Идти после сеанса аутотренинга стало легче. В какой-то момент он даже забыл, что должен считать шаги, а потому в районе Театральной площади (точнее, под ней) пропустил еле заметное ответвление тоннеля и прошел в сторону Лубянки еще метров двести. Но вскоре интуитивно понял, что отклонился от маршрута, вернулся, нашел нужный коридор… Продвинулся по нему на полкилометра. Остановился. Никто его не встречал. Макс достал карту, сверился. Все правильно, в данный момент он находится под Никольской улицей. Вдруг совсем рядом раздался шорох, и от стены отделилась фигура. Максим метнулся влево, больно ударился плечом. Незнакомец подал голос:

– Не боись, я от Митрича. Сам он приболел, да и расстояние немалое: пока добрался, руки бы по локоть стер.

Раздался мягкий щелчок, и Макса ослепил луч фонаря, который висел у незнакомца на груди.

– Спасибо, что встретили, – морщась от яркого света, поблагодарил Максим. И, стыдясь за свой испуг, постарался замаскировать неловкость: – А то бы я тут точно заблудился… Я Максим.

Кривцов протянул проводнику правую руку. Левой чуть приподнял фонарь, чтобы видеть лицо отряженного ему Митричем в проводники человека.

Тот ухмыльнулся, помедлил немного, но застывшую в воздухе руку все же пожал – слегка, будто делая одолжение или выполняя какой-то чужой, не практикуемый в его мире ритуал.

Кривцова от этой снисходительности передернуло, но он продолжил с приветливостью, уместной скорее при знакомстве в ресторанчике на Тверской или в фитнес-центре:

– Простите, я не расслышал, как вас зовут?

– А я тебе и не представился, – все с той же ухмылкой парировал незнакомец. – Давай шевели батонами. Нам еще километр пилить.

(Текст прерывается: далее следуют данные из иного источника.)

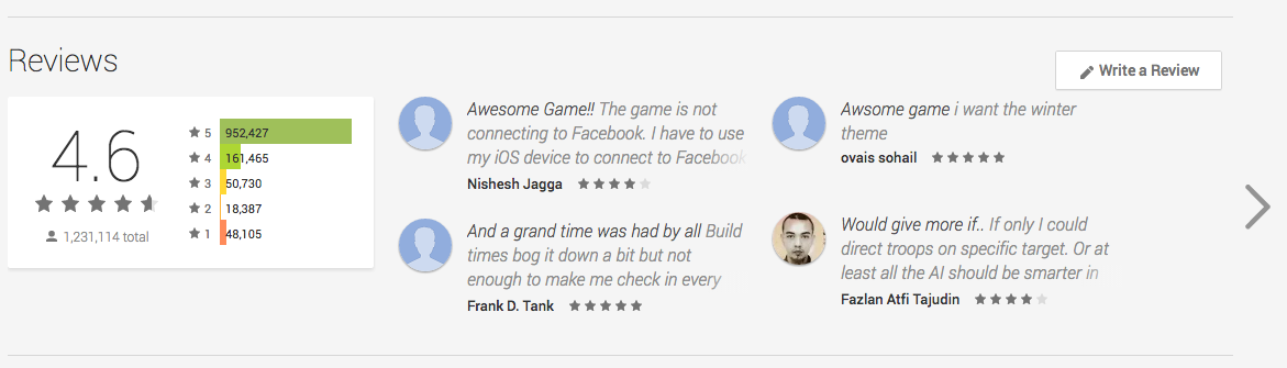Prospective users look at ratings and reviews as key benchmarks of app quality. By rating apps from one to five stars and posting reviews, Android users show their appreciation for the apps they have downloaded.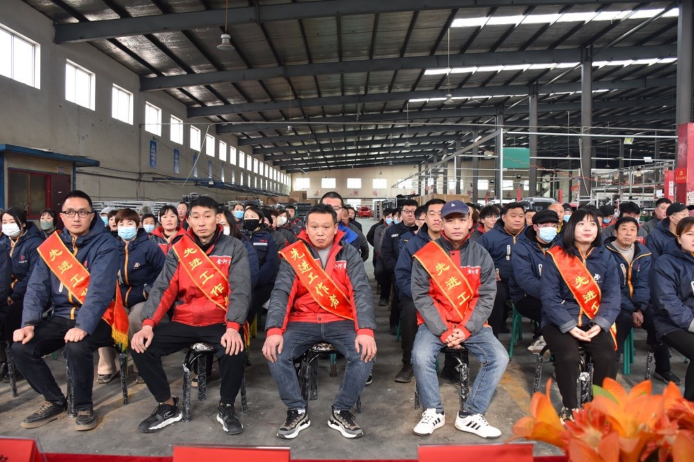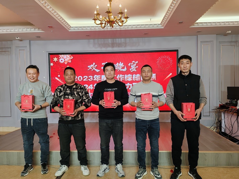 首先由行政辦宣讀會場紀律,然后回顧2023年公司發(fā)展歷程,總結過去一年我們?nèi)〉玫某煽兣c不足之處,展望美好2024。接下來是激動人心的頒獎表彰時刻,五位年度優(yōu)秀員工脫穎而出,由生產(chǎn)副總劉海峰與銷售副總郭文斌為他們頒獎,公司總經(jīng)理、黨支部書記陳文通上臺與其合影留念。

Проводник шел ходко, легко перепрыгивал встречавшиеся на пути колдобины и холмики, состоявшие из невесть откуда взявшегося окаменевшего от времени мусора. Максим едва за ним поспевал. Ноги в литых резиновых сапогах, которые оказались велики размера на три, ныли от усталости: при каждом шаге Кривцов инстинктивно поджимал пальцы, чтобы не дать обувке свалиться. Противно зудела вспотевшая под теплой курткой и увесистым рюкзаком спина. А потом Максим начал задыхаться.

То ли услышав, как он дышит, то ли потому, что и сам подустал, проводник сбавил ход, и следующие метров двести они передвигались с половинной скоростью. А потом и вовсе остановились. «Сусанин» полез в карман:

– Куришь?

Вообще-то, Максим не курил, так, изредка баловался в компании, делая две-три затяжки, а сейчас еще в горле стоял ком и першило, будто туда насыпали соли. Но он кивнул, решив, что отказываться нельзя. Проводник протянул едва початую пачку «Кента» и, дождавшись, когда арьергард возьмет сигарету, чиркнул зажигалкой. Максим сделал затяжку и зашелся в безудержном кашле.

– Давай подержу. – Незнакомец протянул руку за зажженной сигаретой. – А ты того, что в рюкзаке булькает, хлебни. Водяра, что ли?

– Нет, вода. – Максим суетливо сбросил с плеч лямки, достал трехлитровую бутыль с водой, сделал три жадных глотка, протянул проводнику.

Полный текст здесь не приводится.